Пуссен Смерть Германика. 1628 год.

«Пуссен выразитель идей французского классицизма», «Пуссен предложил комплекс норм, которые художники должны были исполнять неукоснительно», «Пуссен – основатель классицизма», - так гласят его биографии. И любопытно разобраться: что за понятие такое было предложено мифологией науки художественному сознанию этого творца. Отыщем же определение.

Согласно словарю Брогауза и Эфрона: «Классицизм (от лат. classicus образцовый) – важнейший художественный стиль европейского искусства XVII-XIX веков. Зародился и получил свое наиболее цельное и последовательное выражение во Франции. В теории и стилистических особенностях литературы, архитектуры и изобразительного искусства классицизма нормой вечных ценностей провозглашаются традиции античности, "золотого века" человечества. Но художественный метод и идеал мастеров этого направления во Франции в XVII столетии прочно связан с современным им прогрессивным национальным общественным сознанием и, прежде всего, с этическими и эстетическими нормами философии этого времени».

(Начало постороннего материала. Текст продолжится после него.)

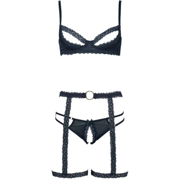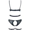 Black Lace Trim Padded Underwire Bra & Thong Garter Set for Women

В подобном случае назвать Пуссена классицистом сложно. Ведь он не был связан с «прогрессивным общественным национальным сознанием». Художник изначально объявил своим учителем Рафаэля и большую часть сознательной жизни провел в Италии. Скорее Пуссен явился лишь предвестником всех перечисленных явлений. А что касается вечных ценностей, то кто же из старых мастеров не стремился к воспеванию их? Таким образом, из всего вышеперечисленного к Пуссену подходит лишь определение – «образцовый».

И его «образцовое» искусство, рассматривалось Академией настолько пристально, что многоуважаемые мужи нередко превращали в фарс свои научные изыскания сверяя количество персонажей на картинах художника, с количеством действующих лиц заявленных в литературном, мифологическом или библейском источнике. На основе этого анализа они и выносили вердикт – «правдоподобно» или «не правдоподобно».


Пуссен. Ребекка у колодца. 1648 год.

История про инквизицию и Веронезе от 1573 года повторится в 1767 году в Париже и непосредственно в цеху. Похоже, что отзвук этих рассуждений еще витает над полотнами. Пуссену принято отказывать в элементе «случайного» без которого не может быть искусства, его упрекают в излишнем «академизме», в холодности, в фанатичном стремлении к идеалу. Но можно ведь осмелиться и предположить другое. Его «живые картины» не есть иллюстрационный материал, он никогда не предложит нам результат и никогда не возникнет у него желания при всем мастерстве поразить нас дешевым эффектом, но он всегда даст музыкальный затакт, ту самую слабую долю с которой начнется наше самостоятельное путешествие в мир его грезы.

Рассуждать о классицизме в живописи в отрыве от литературы, театра, мысли и музыки опасное занятие, тем более что рассматриваемая здесь картина «Ринальдо и Армида» принадлежит к целому циклу работ написанных Пуссеном и отнюдь не по античным или расхожим на тот момент историческим сюжетам, а по сюжету известного героического эпоса итальянца Торквато Тассо. Его «Освобожденный Иерусалим» – одно из величайших произведений в своем жанре. Оно было создано в XVI веке, а широкий интерес к нему был вновь привлечен ораторией Монтеверди сыгранной во «взволнованном стиле», премьера которой состоялась в 1624 году.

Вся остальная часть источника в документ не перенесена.